_What you will do:_ Please retype the data in full and exactly; the pictures are not part of the copy.

_Data extract:_
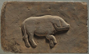 長30厘米,寬18.5厘米,厚5厘米,呈長方形。畫面中央為一只側(cè)身的小豬。小豬形象逼真,一只前踢抬起,體態(tài)肥碩,造型可愛,刻畫精細。
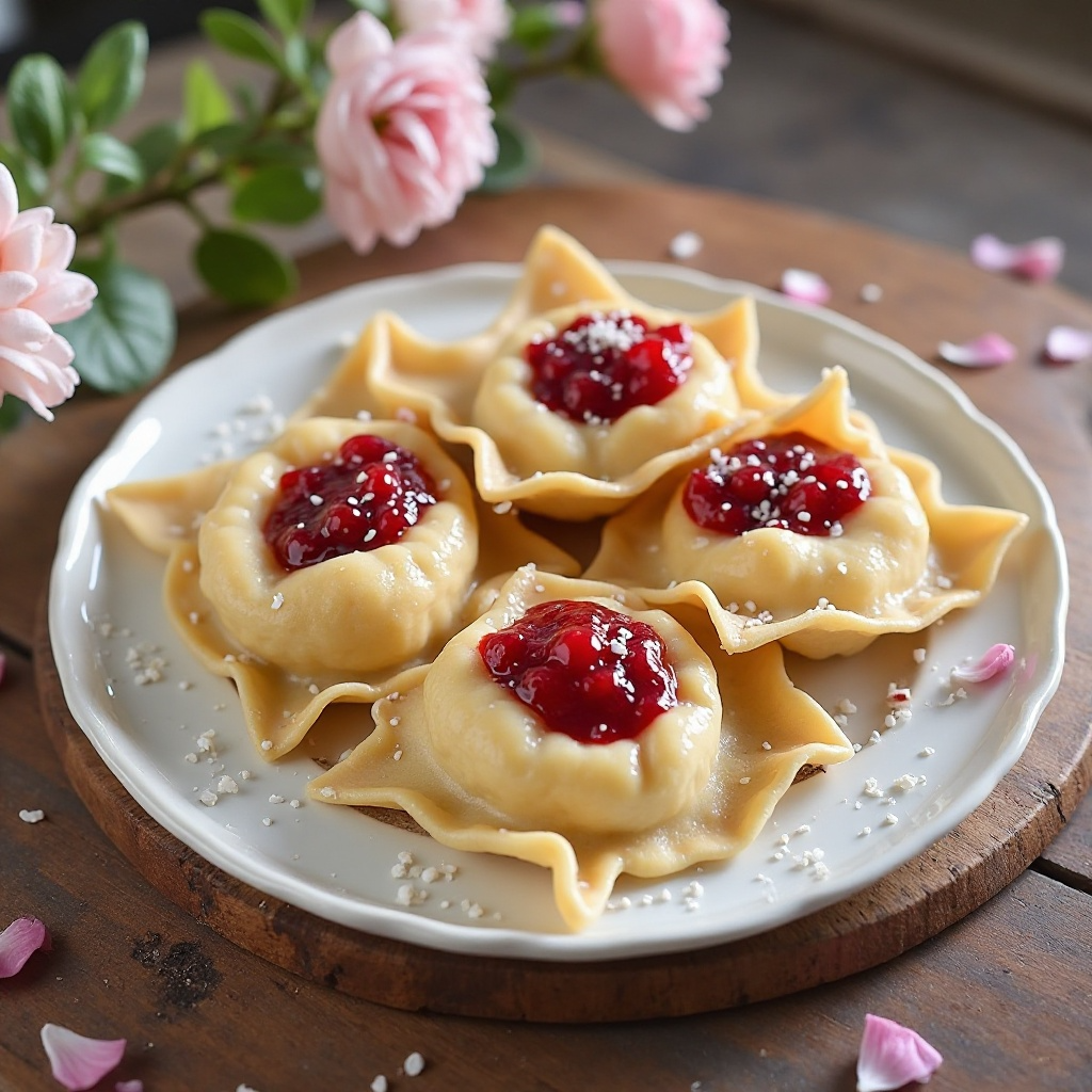 - Deja reposar la masa durante 15 minutos. Luego, divide la masa en pequeños trozos y haz raviolis, cubriendo el relleno de mermelada dentro de cada uno. Asegúrate de no sobrellenarlos para evitar que se rompan durante el cocido.
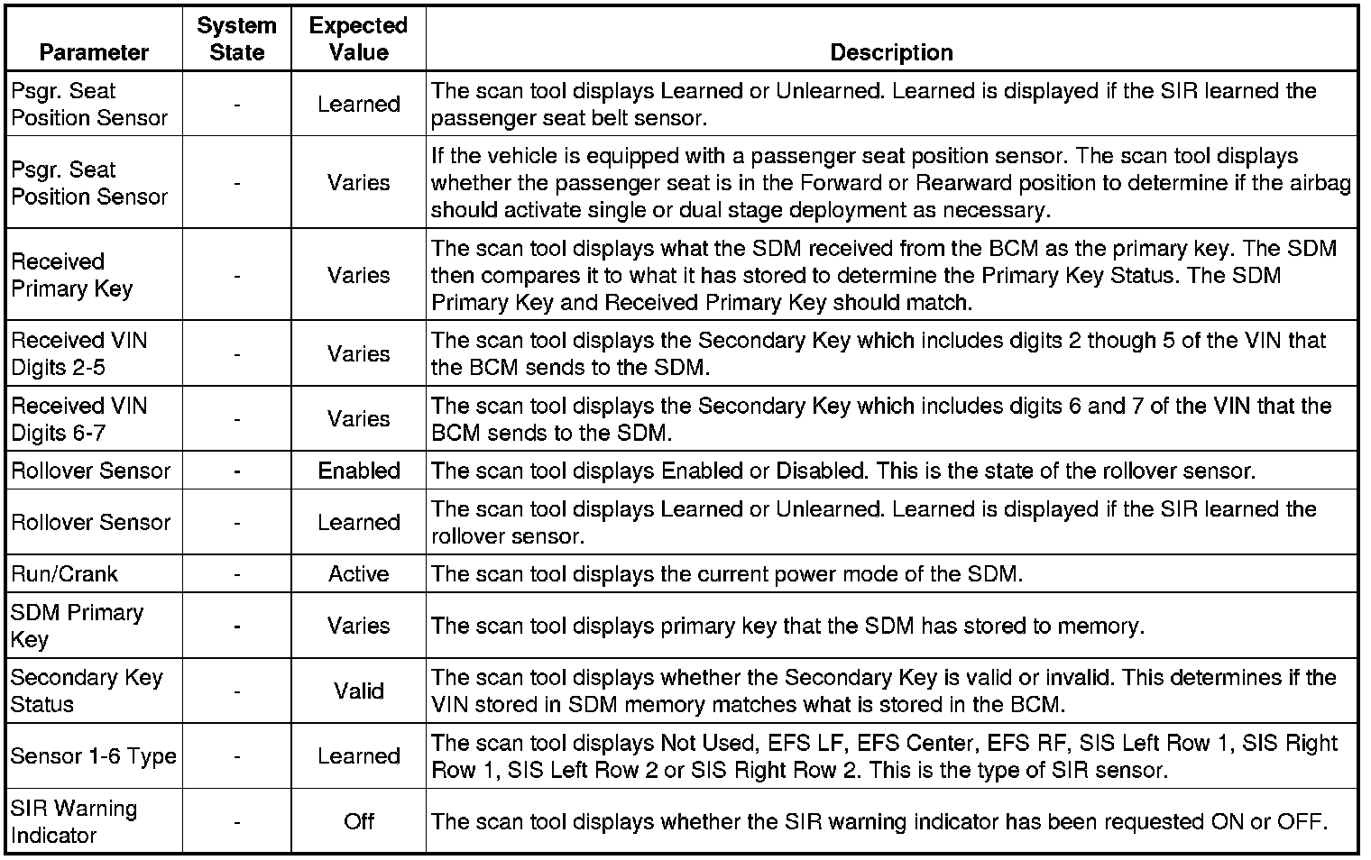 Use the SIR scan tool data list as directed by a diagnostic table or in order to supplement the diagnostic procedures. Begin all of the diagnostic procedures with the Diagnostic System Check - Vehicle (Diagnostic System Check - Vehicle). Use the Scan Tool Data Lists after the following is determined:

_Task answer:_
 長30厘米,寬18.5厘米,厚5厘米,呈長方形。畫面中央為一只側(cè)身的小豬。小豬形象逼真,一只前踢抬起,體態(tài)肥碩,造型可愛,刻畫精細。
 - Deja reposar la masa durante 15 minutos. Luego, divide la masa en pequeños trozos y haz raviolis, cubriendo el relleno de mermelada dentro de cada uno. Asegúrate de no sobrellenarlos para evitar que se rompan durante el cocido.
 Use the SIR scan tool data list as directed by a diagnostic table or in order to supplement the diagnostic procedures. Begin all of the diagnostic procedures with the Diagnostic System Check - Vehicle (Diagnostic System Check - Vehicle). Use the Scan Tool Data Lists after the following is determined:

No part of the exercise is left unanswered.